Until recently, the majority of published or publicly available solid reconstruction models lacked an integral three-dimensional topographical context for the modelled structures. Buildings stand in isolation on a flat featureless plain, rather than in a representation of their surrounding three-dimensional space. Where topographic representations are used, these tend to be presented as theatrical backdrops to the real object of study – the modelled structures themselves. An early exception is the reconstruction model of a motte and bailey castle and later medieval enclosure at Mathrafal, Wales ( ), which incorporated a topographic survey with interpretative models, but the reconstruction of the actual structures was very primitive.
With increased emphasis on the generation of 'reality', the context of the models assumes more importance. More recent models tend apply a range of different techniques. For example, reconstructions based around San Vincenzo al Volturno <http://www.digis.it/sanvin/> use a photographic backdrop to contextualise the architectural model of the abbey and there is also a limited local generalised topography provided in some models.
Increasingly, there is an interface between interpretative structural modelling and Geographical Information Systems, with topographic data collected with GIS applications in mind being incorporated within the 3-D reconstruction model. Classic examples of this are the models of Peel Gap and Hepburn bastle house by Gillings and Goodrick ( ). A micro-topographic survey of the area surrounding the Peel Gap tower on Hadrian's Wall is incorporated within a VRML model in order to assess visibility. The model of Hepburn bastle uses a combination of Ordnance Survey map data and EDM-derived data to provide a limited model of the landscape context of the structure. More elaborate examples include the new 'virtual' Stonehenge which employs data derived from a 6km2 survey of the surrounding landscape ( ) and the Giza Plateau model ( ) which incorporates a detailed terrain model of a 3.5×4km area of the Giza plateau with a range of modelled pyramids, mortuary and valley temples and around 150 mastaba tombs.

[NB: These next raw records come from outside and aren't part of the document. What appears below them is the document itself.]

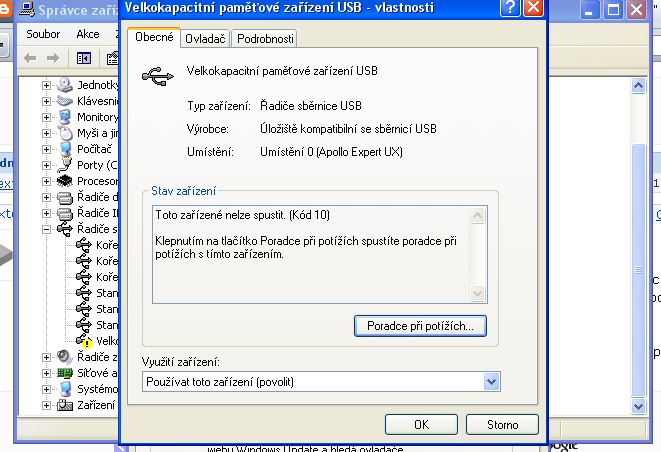 Je mozne ze mas nainstalovane nejake ovladace pre nejaky fotak alebo iny USB srot a ten sa cpe aj sem, v tom pripade odinstalovat ten ovladac alebo nainstalit Win nanovo. Ked nepomoze ani novy Win tak je vadne to USB zariadenie (prevodnik USB-IDE v nom apod)
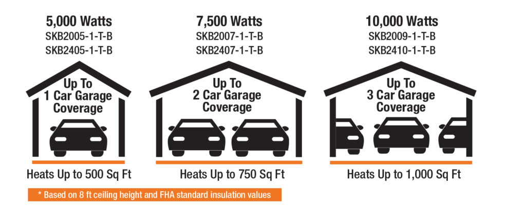 The SKB compact heavy duty unit heater is designed for use as primary or supplemental heat sources in large or exposed areas, including commercial stores, workshops, barns, storage shed and garages to prevent freezing. Spiral finned steel elements and high air volume (CFM) ensure efficient heat exchange producing cooler element operation, prolonging heater life. By combining the highest quality components with a dynamically balanced fan blade, the SKB unit heater will provide years of trouble-free service. Includes both a power on indicating light and a red caution light that comes on if the heater stops due to the over temperature limit tripping. A universal wall/ceiling bracket provides for quick and simple installation. The built-in thermostat turns the heater on and off to maintain the desired room temperature.
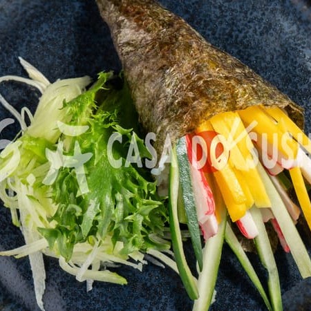 O Temaki Kani é uma explosão de sabor em cada mordida. Com kani desfiado e suculento, envolvido em algas crocantes, oferece uma combinação irresistível de textura e frescor.
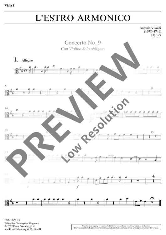 "L'Estro Armonico in D major - Viola I" Sheet Music by Antonio Vivaldi
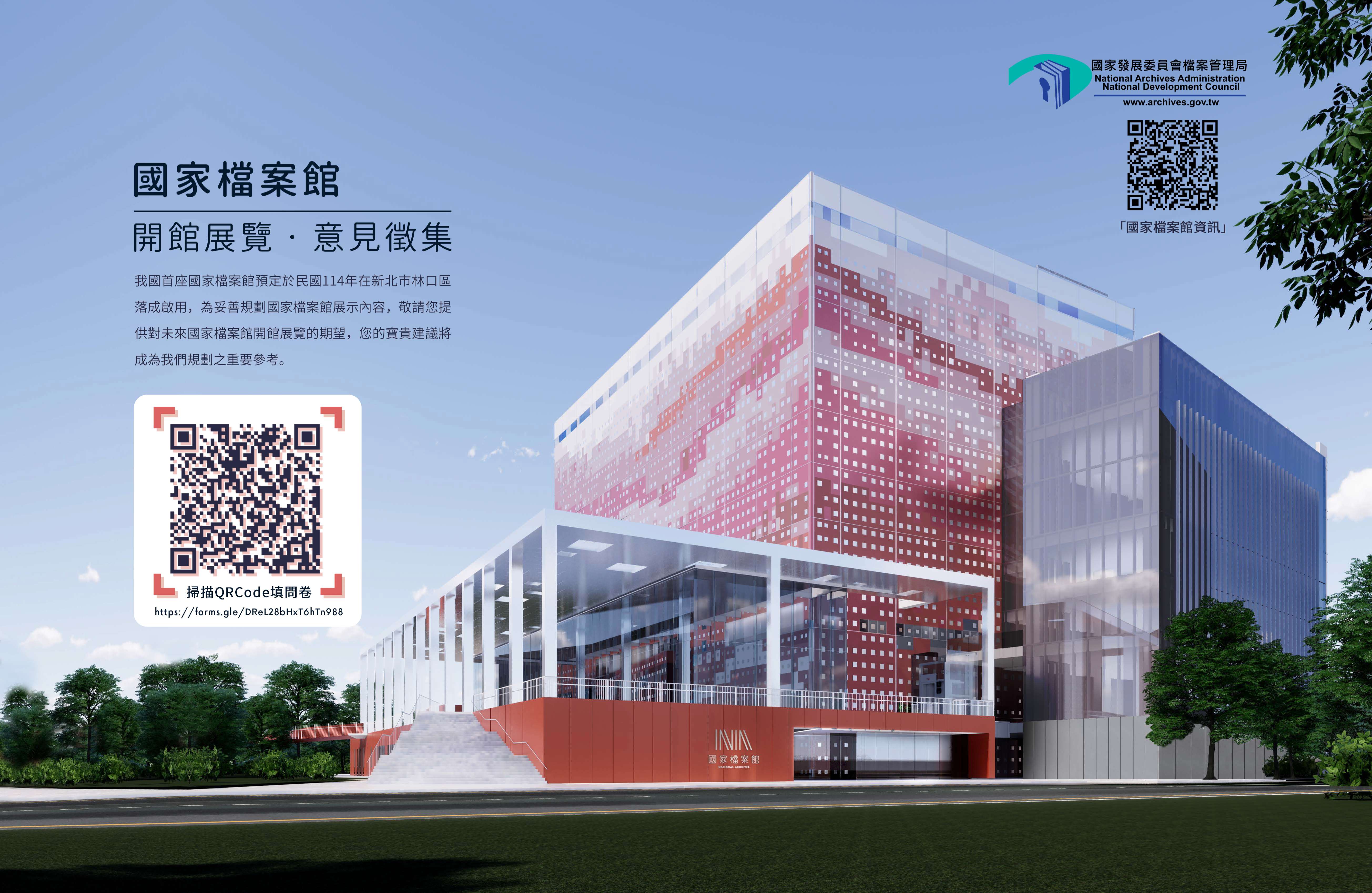 二、國家發展委員會檔案管理局為推動國家檔案典藏及服務建設,建立國家記憶中心並便捷檔案服務,預定114年於新北市林口區成立我國首座國家檔案館。

However, in most of these cases the topography is still often little more than a theatrical backdrop for the structures, except where it has been used in visibility studies, for example. It provides a stage for viewing the model, but is hardly integral to the model itself. There are no instances in which the topography is the model – where topographical details accompanied by structural elements are integral to the model and what constitute the model. The most obvious situation in which this would arise is with reconstruction models of earthworks with structures erected upon them, but, Mathrafal aside, such models are largely unknown. Surface models of earthworks – much like those in Figures – are used, but not incorporated with interpretative structural reconstructions. A recent model of the Danebury hillfort entrance comes close – this consists of a surface model constructed to assess visibility ( ), but, curiously, in the light of this omits any attempt to represent palisades or other structural elements. Why these models are so rare is again unclear, but it may be significant that they would more often than not involve the reconstruction of timber structures.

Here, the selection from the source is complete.